Return, unchanged and with no pictures, the lines below from the very first through the one that contains "今日は、ダン先生から英語で天".

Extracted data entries
---

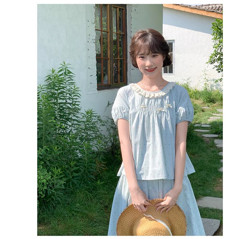 レディース ブラウス 水玉 ドット柄 フリル リボン パフスリーブ 半袖 S M L ブルー AS11316
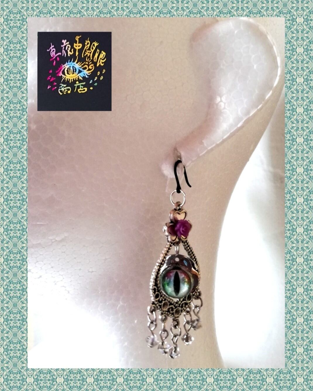 銀色邪眼ピアス·イヤリング(緑·桃色mix)
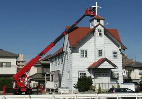 12日土曜日の朝から高所作業車を借りて、台風で痛んだ教会屋根の補修、白い十字架の手
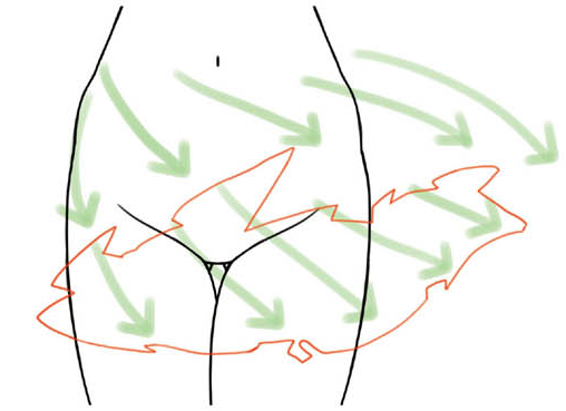 皱纹会随着身体的活动而发生接点的变化。让我们一边穿着衣服活动身体,一边自己活动观察触点发生在哪里。
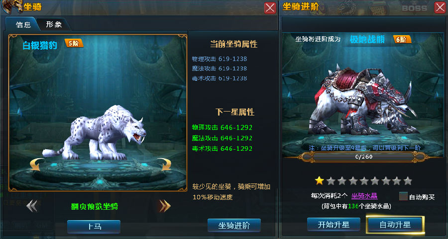 2. 不同的星级或不同阶数的坐骑附加的属性不同,坐骑等级的提高能给人物角色提高大量属性
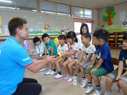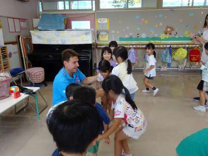 今日は、ダン先生から英語で天気を教えてもらい「It's sunny」の元気な声が響きました。
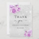 Ett tack för en 50-årsdag (eller vilken ålder som helst). En faux silver tittar färg. Dekorerad med rosa, violetta blommigtar och faux glitter damm. På framsidan, ett skript med stora bokstäver och texten: Tack, text, titel och datum. Tillbaka: Anpassa och lägg till tackkort och namn.
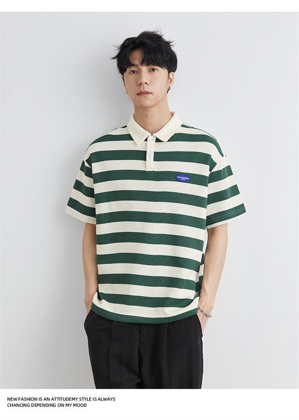 半袖 韓国風 メンズ 男 2025春夏新作トップス カジュアル ポロシャツ ストライプ
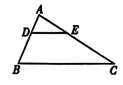 若 $\triangle A B C \backsim \triangle D E F, \triangle A B C$ 与 $\triangle D E F$ 的周长比为 $1: 4$ ,则 $A B: D E=$
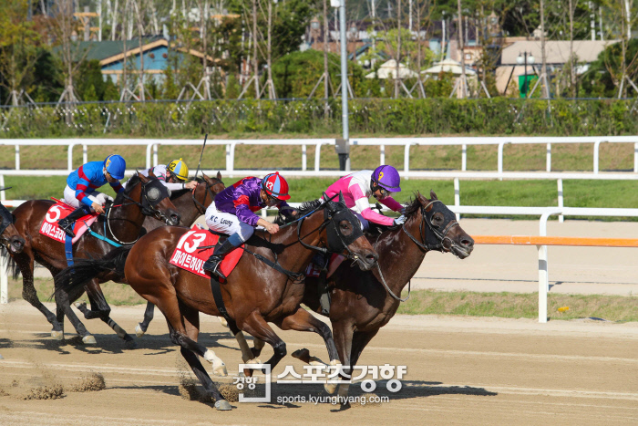 「超勇勁駒」(Perdido Pomeroy、페르디도포머로이)一如以往首先帶出,至於「韓國王牌」(Ace Korea、에이스코리아)以及較慢起步的「玉龍公子」(Wild Dude)亦跟隨上來,另外外側還有「高速小將」(Geuma Rapid、금아래피드)以及「沙登納里」(Zentenary、젠테너리)都跟得相當前,接下來有「早安大羅」(Morning Daero、모닝대로)以及美國馬「扇鰭活魚」,至於「藍天堡馬」想切入,但根本沒有機會,因為被「爵士藍調」頂著,還側還有法國馬「猛拼王」(King Malpic)、「多多益善」,最後一匹是「奇蹟閃電」(Wonder Bolt、원더볼트) 。

---

*Finished task:*
 レディース ブラウス 水玉 ドット柄 フリル リボン パフスリーブ 半袖 S M L ブルー AS11316
 銀色邪眼ピアス·イヤリング(緑·桃色mix)
 12日土曜日の朝から高所作業車を借りて、台風で痛んだ教会屋根の補修、白い十字架の手
 皱纹会随着身体的活动而发生接点的变化。让我们一边穿着衣服活动身体,一边自己活动观察触点发生在哪里。
 2. 不同的星级或不同阶数的坐骑附加的属性不同,坐骑等级的提高能给人物角色提高大量属性
 今日は、ダン先生から英語で天気を教えてもらい「It's sunny」の元気な声が響きました。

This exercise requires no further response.